* **ACTIVITY**
I'd like the entire listing output verbatim, apart from the pictures.

* **GIVEN DATA**
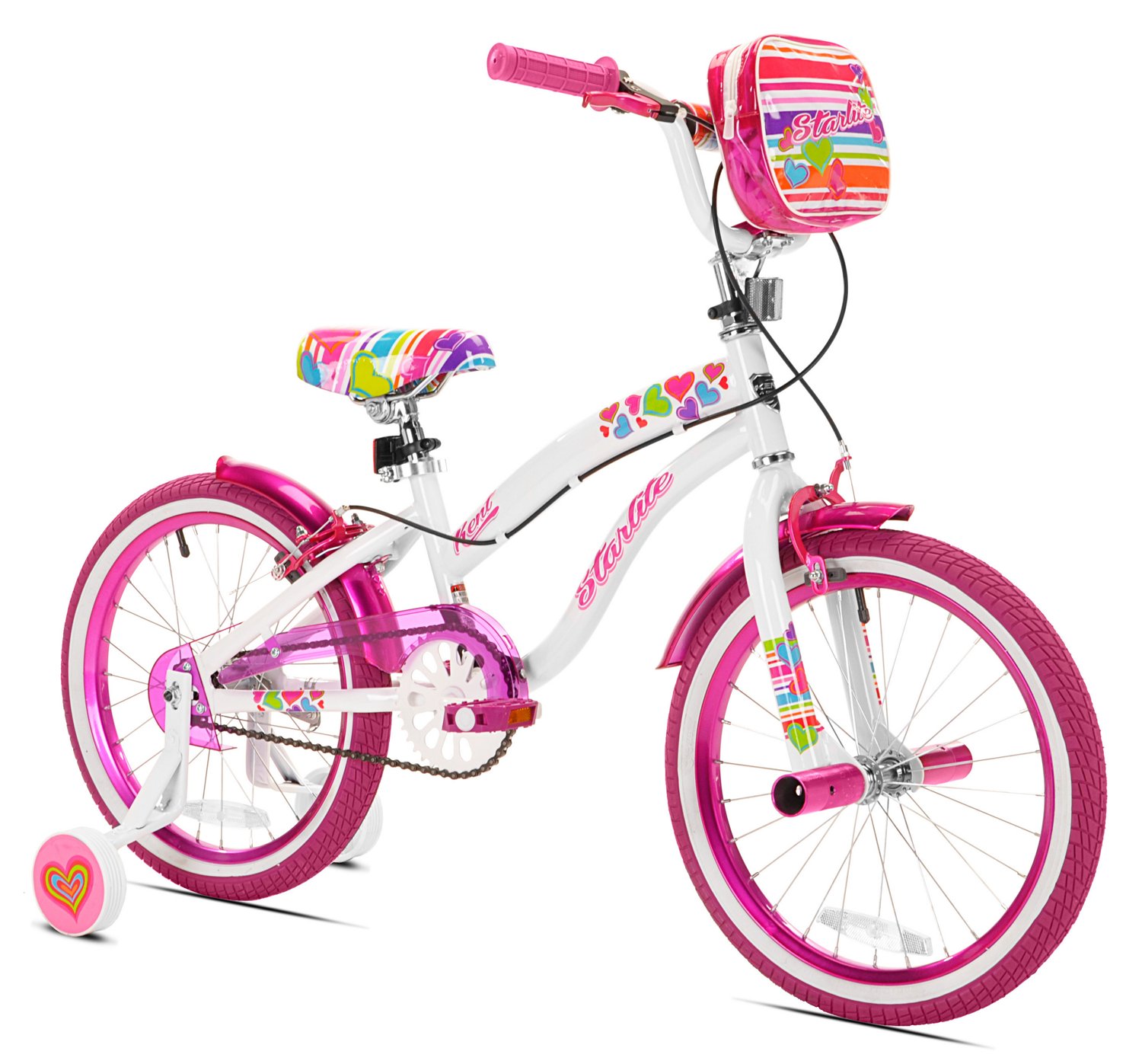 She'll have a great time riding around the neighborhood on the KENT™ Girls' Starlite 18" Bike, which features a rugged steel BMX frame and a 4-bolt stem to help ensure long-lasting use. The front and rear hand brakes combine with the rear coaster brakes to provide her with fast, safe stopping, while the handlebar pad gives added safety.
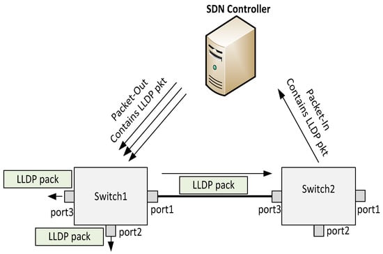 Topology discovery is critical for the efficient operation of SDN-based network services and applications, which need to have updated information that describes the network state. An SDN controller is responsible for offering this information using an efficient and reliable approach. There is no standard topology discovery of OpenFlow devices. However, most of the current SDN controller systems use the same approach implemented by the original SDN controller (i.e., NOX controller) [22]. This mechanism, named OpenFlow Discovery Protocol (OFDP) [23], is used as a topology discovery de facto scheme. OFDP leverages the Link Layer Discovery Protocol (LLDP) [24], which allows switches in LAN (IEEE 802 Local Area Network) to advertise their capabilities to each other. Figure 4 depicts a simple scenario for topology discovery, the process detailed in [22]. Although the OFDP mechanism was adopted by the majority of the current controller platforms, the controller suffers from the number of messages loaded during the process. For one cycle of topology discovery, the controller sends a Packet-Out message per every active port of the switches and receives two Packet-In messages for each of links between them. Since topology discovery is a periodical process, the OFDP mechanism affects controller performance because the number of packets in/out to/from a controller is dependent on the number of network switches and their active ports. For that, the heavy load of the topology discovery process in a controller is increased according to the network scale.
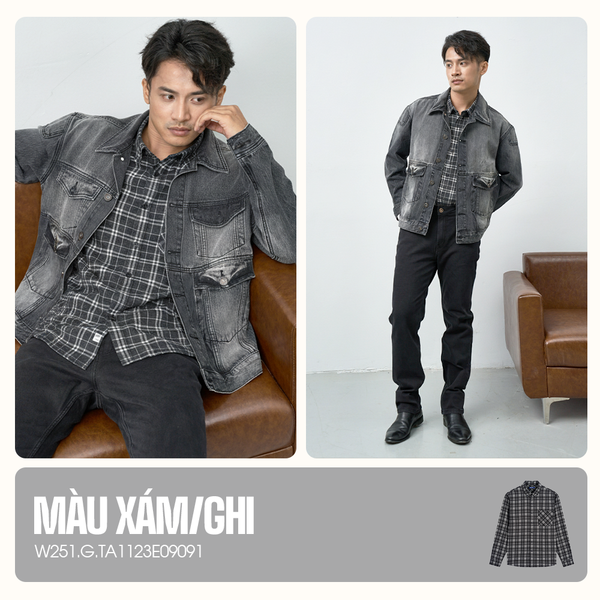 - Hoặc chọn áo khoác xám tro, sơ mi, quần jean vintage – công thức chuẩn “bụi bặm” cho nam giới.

* **ANSWER SPACE**
 She'll have a great time riding around the neighborhood on the KENT™ Girls' Starlite 18" Bike, which features a rugged steel BMX frame and a 4-bolt stem to help ensure long-lasting use. The front and rear hand brakes combine with the rear coaster brakes to provide her with fast, safe stopping, while the handlebar pad gives added safety.
 Topology discovery is critical for the efficient operation of SDN-based network services and applications, which need to have updated information that describes the network state. An SDN controller is responsible for offering this information using an efficient and reliable approach. There is no standard topology discovery of OpenFlow devices. However, most of the current SDN controller systems use the same approach implemented by the original SDN controller (i.e., NOX controller) [22]. This mechanism, named OpenFlow Discovery Protocol (OFDP) [23], is used as a topology discovery de facto scheme. OFDP leverages the Link Layer Discovery Protocol (LLDP) [24], which allows switches in LAN (IEEE 802 Local Area Network) to advertise their capabilities to each other. Figure 4 depicts a simple scenario for topology discovery, the process detailed in [22]. Although the OFDP mechanism was adopted by the majority of the current controller platforms, the controller suffers from the number of messages loaded during the process. For one cycle of topology discovery, the controller sends a Packet-Out message per every active port of the switches and receives two Packet-In messages for each of links between them. Since topology discovery is a periodical process, the OFDP mechanism affects controller performance because the number of packets in/out to/from a controller is dependent on the number of network switches and their active ports. For that, the heavy load of the topology discovery process in a controller is increased according to the network scale.
 - Hoặc chọn áo khoác xám tro, sơ mi, quần jean vintage – công thức chuẩn “bụi bặm” cho nam giới.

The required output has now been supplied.